### Given data
# # # #
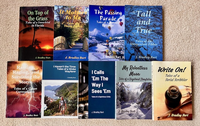 I have also published ten collections of tales, including: On Top of the Grass: Tales of a Snowbird in Florida, 2008; It Matters to Me: Tales of a Young Father, 2010; The Passing Parade: Tales of a Bemused Bystander, 2017; Tall and True: Tales of an Unrepentant Fibber, 2019; Ranting, Raging, and Surviving the Storm: Tales of a Closet Curmudgeon, 2019; I Haven’t the Time: Tales of a Woke Wayfarer, 2020; I Calls ‘Em The Way I Sees ‘Em: Tales of a Capricious Critic, 2020; My Relentless Muse: Tales of A Vagabond Storyteller, 2023; and Write On! Tales of a Serial Scribbler.
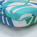 Large abstract tropical foliage in bright shades of blue, green and turquoise pops from an off-white ground with this set of two outdoor seat cushions. The pattern is printed on outdoor fade-resistant polyester fabric that has a slub texture for added dimension. Additional features of these outdoor seat cushions include round corners, 14-inch ties and recycled polyester fill with sewn seam closures. Also suitable for indoor use.
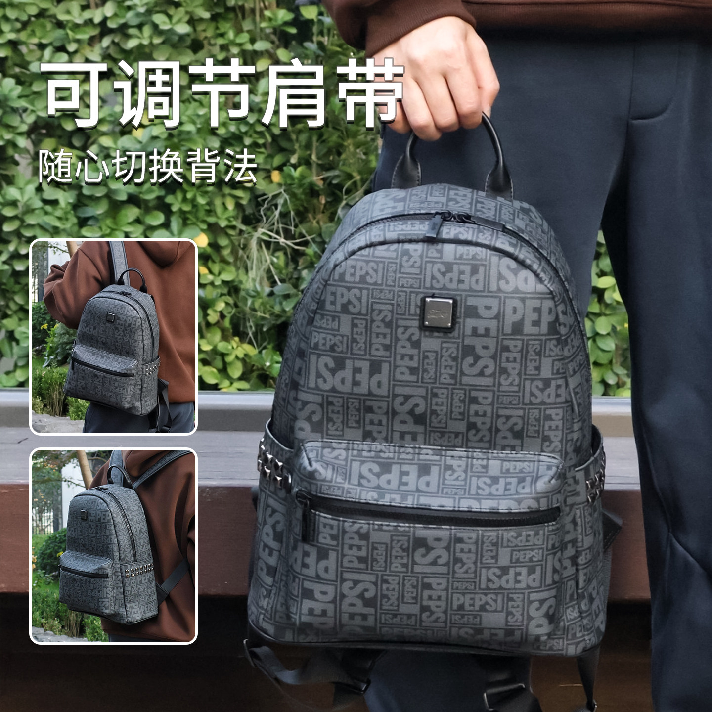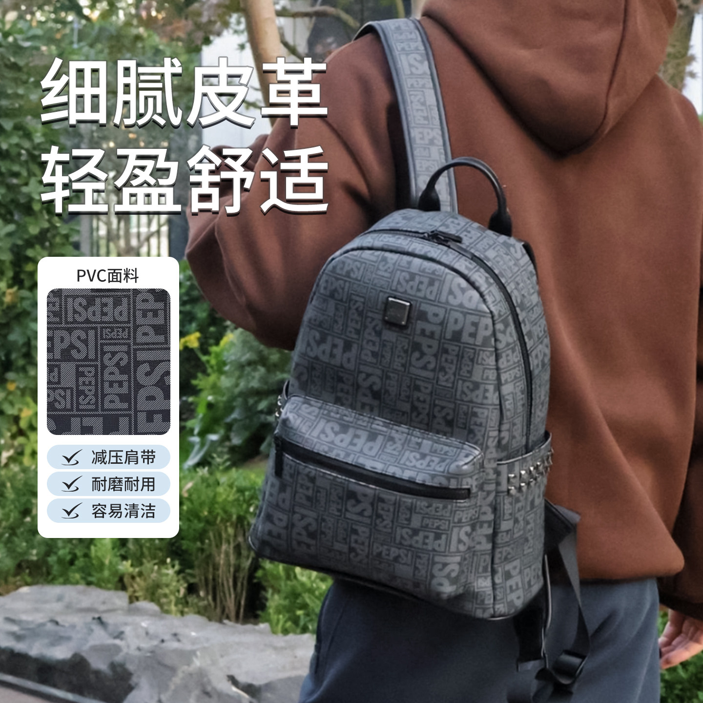 Pepsi/百事大容量休闲时尚双肩包男旅行出游通勤皮质背包女防泼水
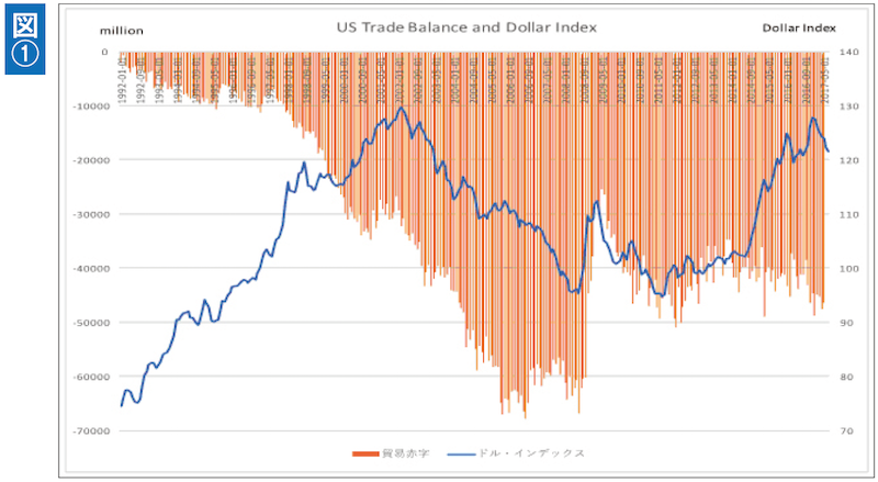 貿易赤字とドル・インデックス(図①)の間には、逆相関の関係があった。しかし、近年このような逆相関の関係が見られない。そのため今後のドル政策として、貿易問題はかつてよりクローズアップされるであろう。貿易赤字の問題は米国の経済成長とも密接に関係しており、米国のビジネスモデルを今後どのようにするかという問題に置き換えられる。
# # # #
### Try it
Please return each line of the listing exactly as written, excluding the images.

### Answer box
 I have also published ten collections of tales, including: On Top of the Grass: Tales of a Snowbird in Florida, 2008; It Matters to Me: Tales of a Young Father, 2010; The Passing Parade: Tales of a Bemused Bystander, 2017; Tall and True: Tales of an Unrepentant Fibber, 2019; Ranting, Raging, and Surviving the Storm: Tales of a Closet Curmudgeon, 2019; I Haven’t the Time: Tales of a Woke Wayfarer, 2020; I Calls ‘Em The Way I Sees ‘Em: Tales of a Capricious Critic, 2020; My Relentless Muse: Tales of A Vagabond Storyteller, 2023; and Write On! Tales of a Serial Scribbler.
 Large abstract tropical foliage in bright shades of blue, green and turquoise pops from an off-white ground with this set of two outdoor seat cushions. The pattern is printed on outdoor fade-resistant polyester fabric that has a slub texture for added dimension. Additional features of these outdoor seat cushions include round corners, 14-inch ties and recycled polyester fill with sewn seam closures. Also suitable for indoor use.
 Pepsi/百事大容量休闲时尚双肩包男旅行出游通勤皮质背包女防泼水
 貿易赤字とドル・インデックス(図①)の間には、逆相関の関係があった。しかし、近年このような逆相関の関係が見られない。そのため今後のドル政策として、貿易問題はかつてよりクローズアップされるであろう。貿易赤字の問題は米国の経済成長とも密接に関係しており、米国のビジネスモデルを今後どのようにするかという問題に置き換えられる。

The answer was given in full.